Well, not quite. After the team heads back to D.C. to celebrate, it seems Mike and Amy's ploy has backfired. The journalist hits Twitter to announce that the tears in the interview were coerced by Selina's team and ends her tweet with the hashtag #fakeveepweep. Furlong of course is furious, and it doesn't help any that he's the head of the Congressional Oversight Committee. He warns Dan and the rest of Meyer's office to prepare because he's going to look into the amendment to the McCauley bill that had elements of the Clean Jobs bill tacked on. And that's where we end off the season....rather limply.

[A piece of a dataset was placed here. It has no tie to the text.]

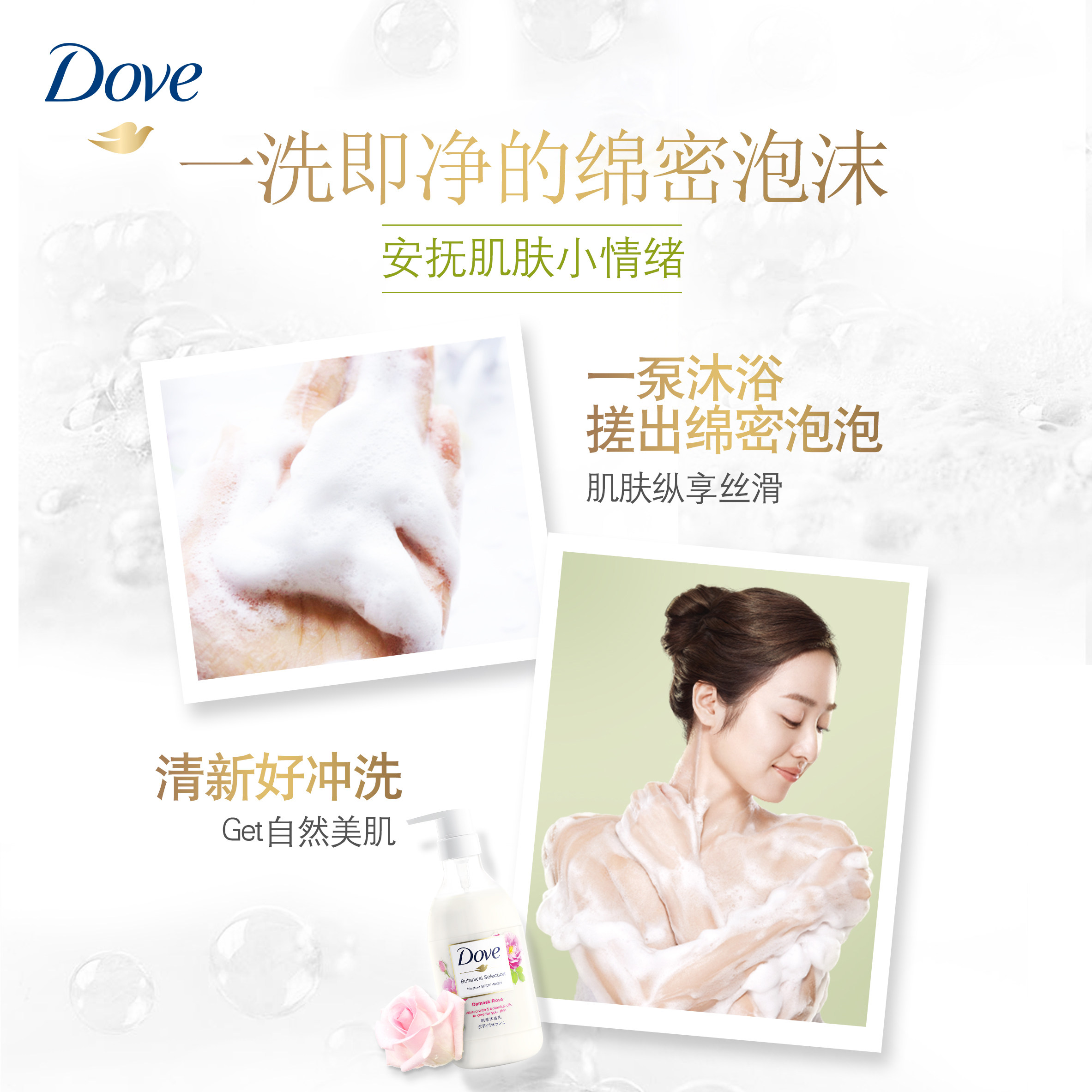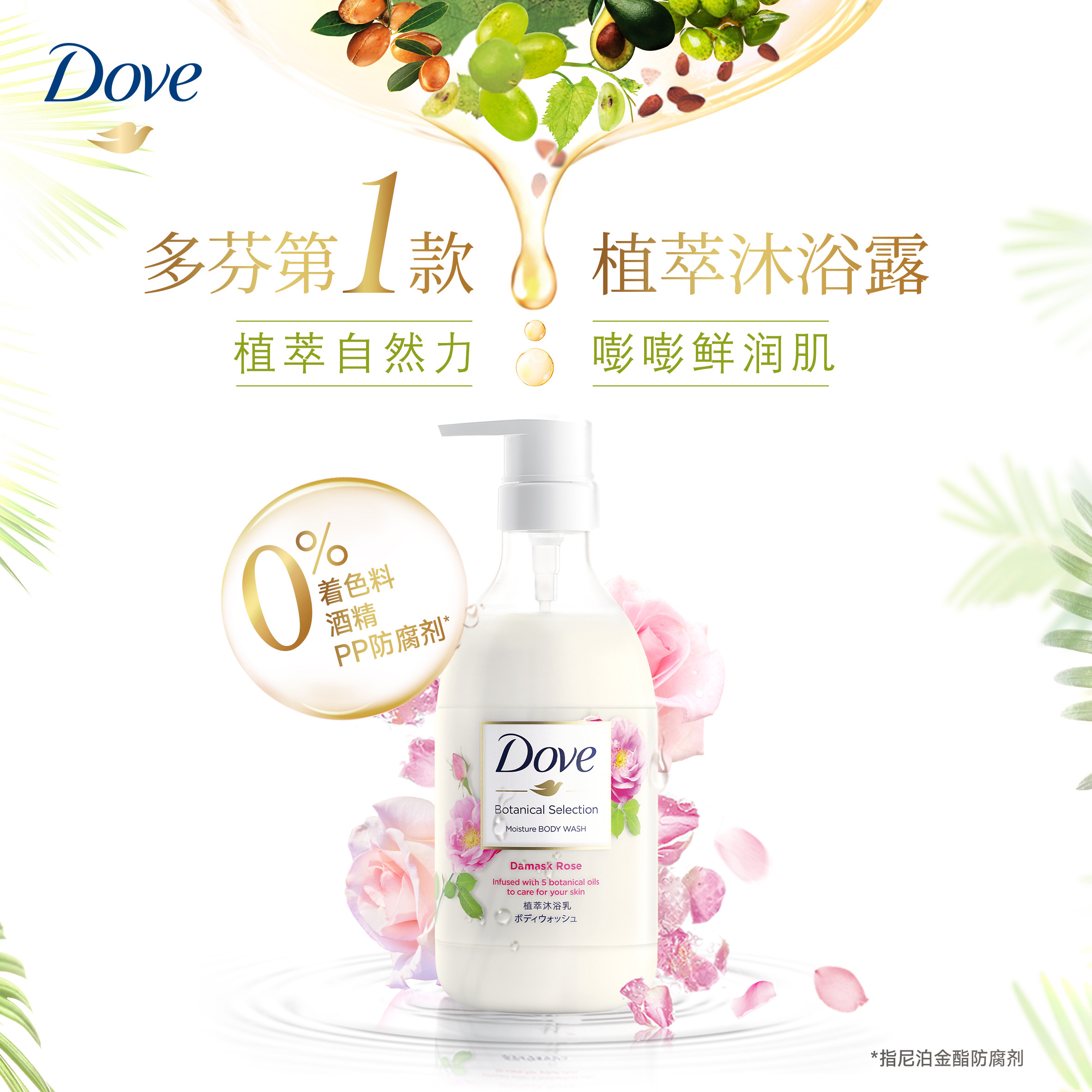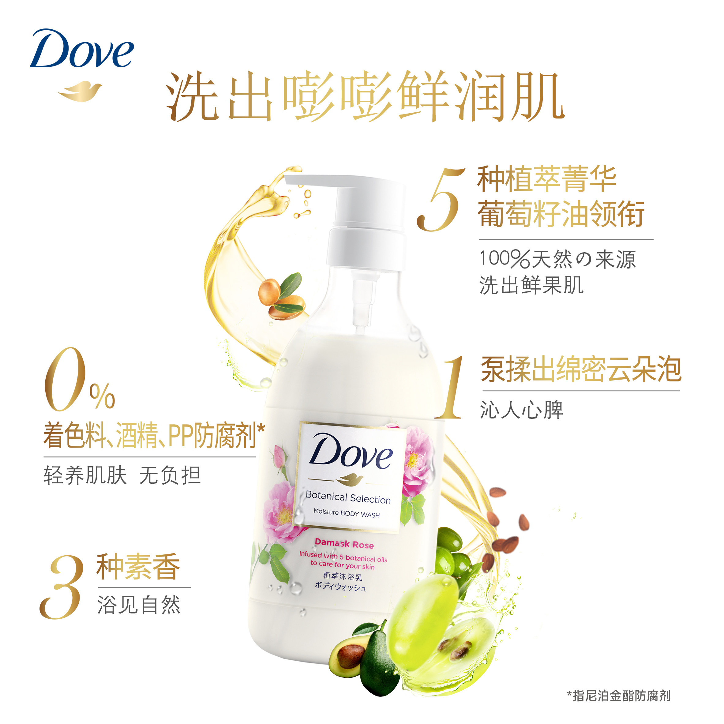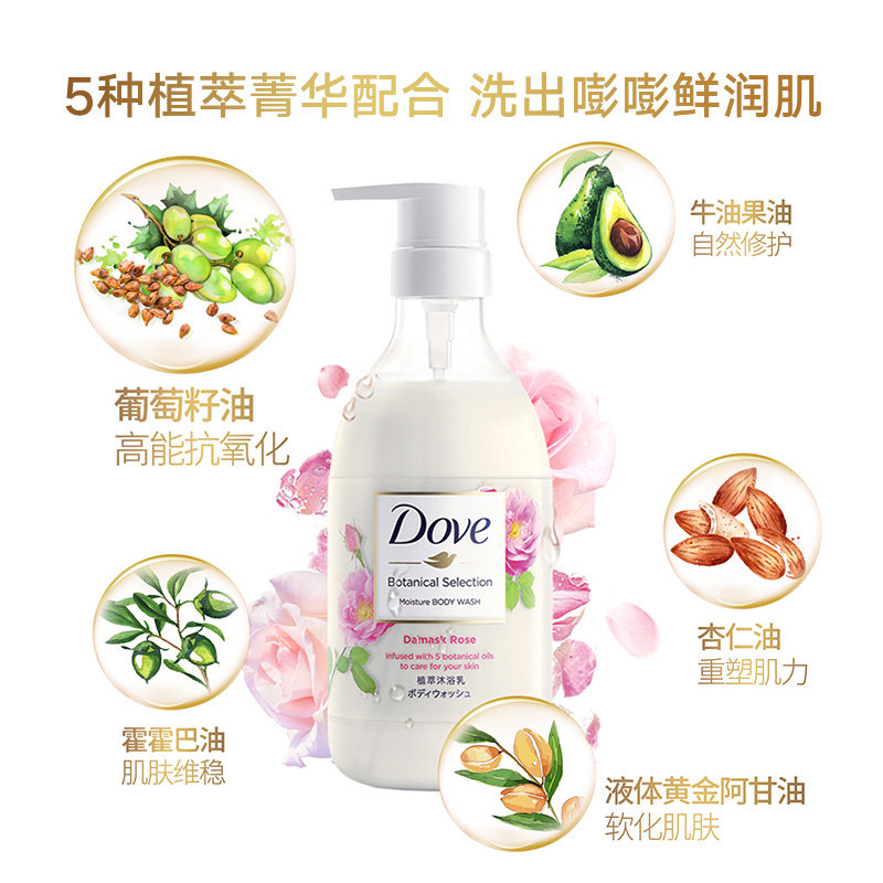Питательный гель для душа с розой в составе с экстрактом растений, японское увлажняющее масло семян, 500г

"Veep" stretches the bounds of crediblility with "Tears." First off, no journalist (especiallly a regional one) who has snagged a live interview with Vice President would tweet afterward an accusation that the emotions expressed in their talk were fake. Not unless they were hoping never to get an interview from anyone in D.C. ever again. And Meyer's suddenly highly emotional day comes a bit out of nowhere. She's shown herself to have a steely resolve for most of the season, but now she's suddenly surprised her job is 24/7 and can be physically and mentally draining? How did she survive an election campaign? Or even all the other years she's spent at various levels of government? We're not saying that Selina needs to be inflexibly stern, but three crying jaunts in one day are astoundingly uncharacteristic. And it's a bit curious that the miscarriage -- which can be a hugely emotional trauma for many women -- isn't at all named for the source of any of this.

"Veep" closes out the season with the rather dry McCauley amendent/Clean Jobs affair still lingering. As we've mentioned before, it's one of the duller aspects of the show, with the neverending maneuvers not particularly exciting, funny or interesting. We'd wager one could watch C-Span for a week and get about the same effect. Already renewed for a second season, here's hoping "Veep" starts moving away from setting up sitcom-style scenarios and takes a stronger bite out of the political system. The good thing is the show is blessed with a fantastic cast -- everyone is hands down perfect in their roles -- but we really hope they are given a chance to bite into meatier material. Iannucci certainly has a way with one-liners -- no show except "Girls" does them better at the moment -- but the goodwill from that will only last so long. And can the President please call already?